A year after bursting onto the scene amid the RNA renaissance, scientific challenges and regulatory resistance have held back self-amplifying messenger RNA (samRNA) vaccines from taking over the vaccine space. But experts say their time could soon be here.

Large vaccine companies are reluctant to invest too heavily in the emerging technology due to a gap in knowledge, especially compared to mRNA therapeutics. Despite this, those familiar with samRNAs are confident these therapies and vaccines will inevitably enter the market, particularly for infectious diseases and cancer.

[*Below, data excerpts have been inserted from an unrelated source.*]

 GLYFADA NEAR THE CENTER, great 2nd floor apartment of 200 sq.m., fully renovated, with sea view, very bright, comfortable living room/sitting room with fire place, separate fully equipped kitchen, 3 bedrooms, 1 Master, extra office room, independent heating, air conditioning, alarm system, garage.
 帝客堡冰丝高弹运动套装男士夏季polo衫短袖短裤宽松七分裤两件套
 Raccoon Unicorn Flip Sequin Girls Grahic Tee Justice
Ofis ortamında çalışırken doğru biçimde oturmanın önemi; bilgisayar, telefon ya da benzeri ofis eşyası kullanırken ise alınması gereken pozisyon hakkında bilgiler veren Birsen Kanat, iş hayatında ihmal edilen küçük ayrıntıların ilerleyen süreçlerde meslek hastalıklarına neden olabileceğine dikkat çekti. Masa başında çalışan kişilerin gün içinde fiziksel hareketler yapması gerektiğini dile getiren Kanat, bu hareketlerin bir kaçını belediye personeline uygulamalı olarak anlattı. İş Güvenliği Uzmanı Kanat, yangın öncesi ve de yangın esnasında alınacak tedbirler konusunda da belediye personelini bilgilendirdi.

However, it has not been smooth sailing for biotechs investing in this technology. Earlier this month, Emeryville, California-based samRNA leader filed for bankruptcy and is undergoing major financial restructuring. Moreover, technical complexity combined with growing confidence in established mRNA vaccines means the smaller companies leading the samRNA charge face an uphill climb in establishing the attractiveness of these approaches as they navigate approval.

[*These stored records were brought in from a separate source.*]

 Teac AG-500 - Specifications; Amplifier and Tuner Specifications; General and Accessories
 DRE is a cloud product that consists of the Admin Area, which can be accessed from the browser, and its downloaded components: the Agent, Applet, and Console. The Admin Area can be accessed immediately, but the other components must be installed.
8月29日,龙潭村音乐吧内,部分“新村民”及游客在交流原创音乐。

Pune, India-based Gennova Biopharmaceuticals’ Gemcovac was the first samRNA vaccine to enter the market, gaining emergency approval in India against SARS-CoV-2 Omicron in 2022. In November 2023, Kostaive (ARCT-154), developed by and CSL Behring, was the first samRNA vaccine to gain full marketing approval in Japan to treat Wuhan-Hu-1 strain SARS-Cov-2. Since its approval by the Japanese Pharmaceutical Affairs and Food Sanitation Council, no other samRNA vaccine or therapeutic approvals have followed.

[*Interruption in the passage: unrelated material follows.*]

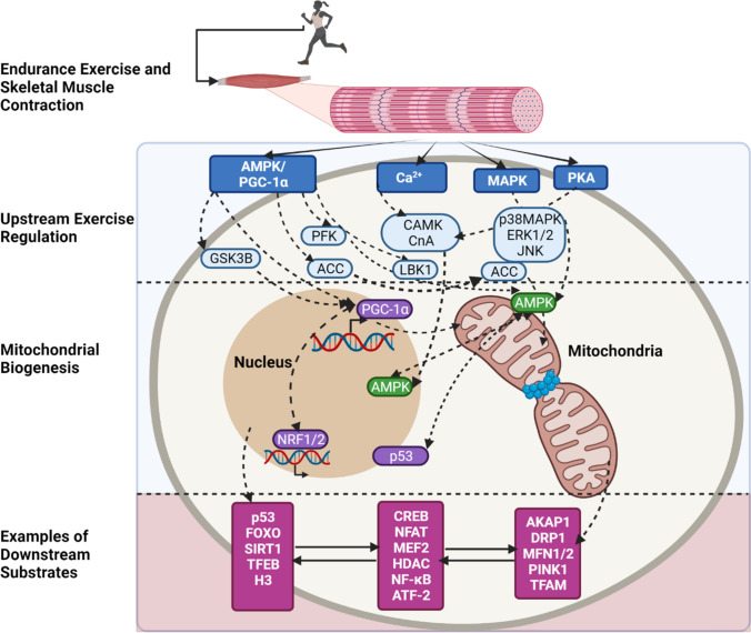 지구력 운동은 골격근 수축을 통해 세포의 에너지 수요를 증가시키며, 이로 인해 미토콘드리아와 핵 간의 신호 전달 경로가 활성화됨. 주요 조절자는 AMPK와 PGC-1α로, 이들은 운동 자극에 반응하여 미토콘드리아 생합성을 조절. 또한, AMPK, MAPK, PKA 및 칼슘 조절 신호 전달 경로와 같은 스트레스 반응 조절자들은 대사, 세포 사멸, 미토콘드리아 생합성 등 하류 생물학적 과정의 조절을 담당.
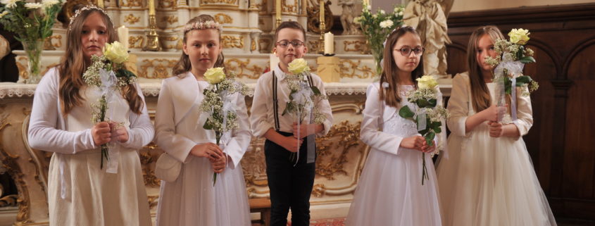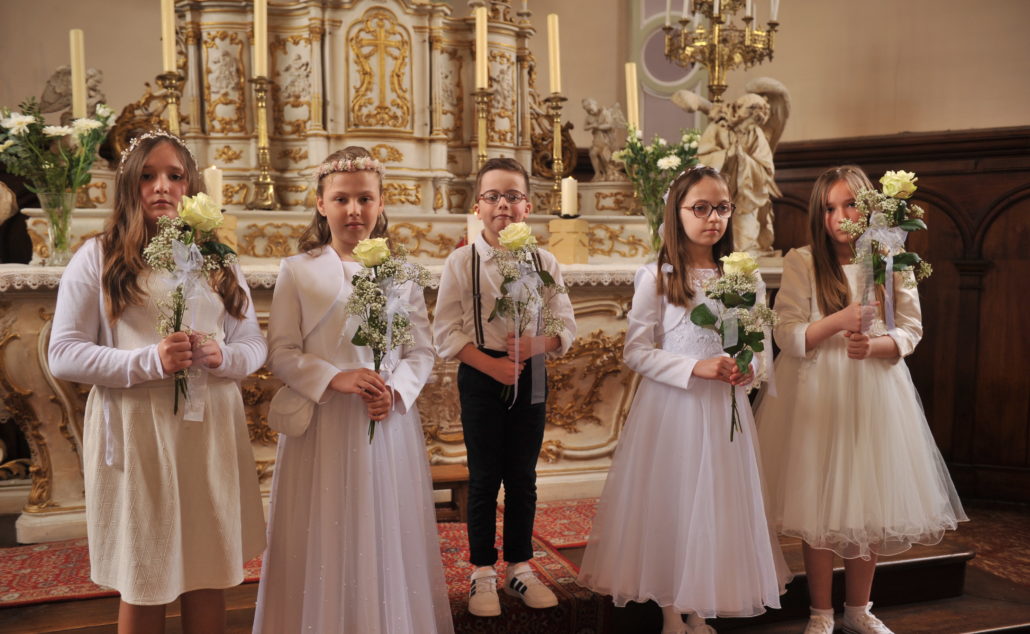 L’église Sainte Catherine de Waldwisse était en fête en ce premier dimanche du mois de Mai où 5 enfants de notre communauté ont reçu pour la première fois le sacrement de l’Eucharistie. La célébration présidée par l’abbé Vincent était solennelle, rehaussée par les chants de la chorale et l’église magnifiquement parée pour la circonstance. Merci à tous les acteurs sans qui cette messe n’aurait pas été aussi priante et festive.

Good fortune and strategic timing

According to Joseph Payne, CEO of Arcturus, Kostaive benefitted from special circumstances. “It’s simply because our vaccine was accelerated by the pandemic,” he said, “All of the large vaccine players have strong to very strong interest in samRNA vaccines. However, we were the only one that was able to complete a placebo-controlled efficacy trial during the pandemic.”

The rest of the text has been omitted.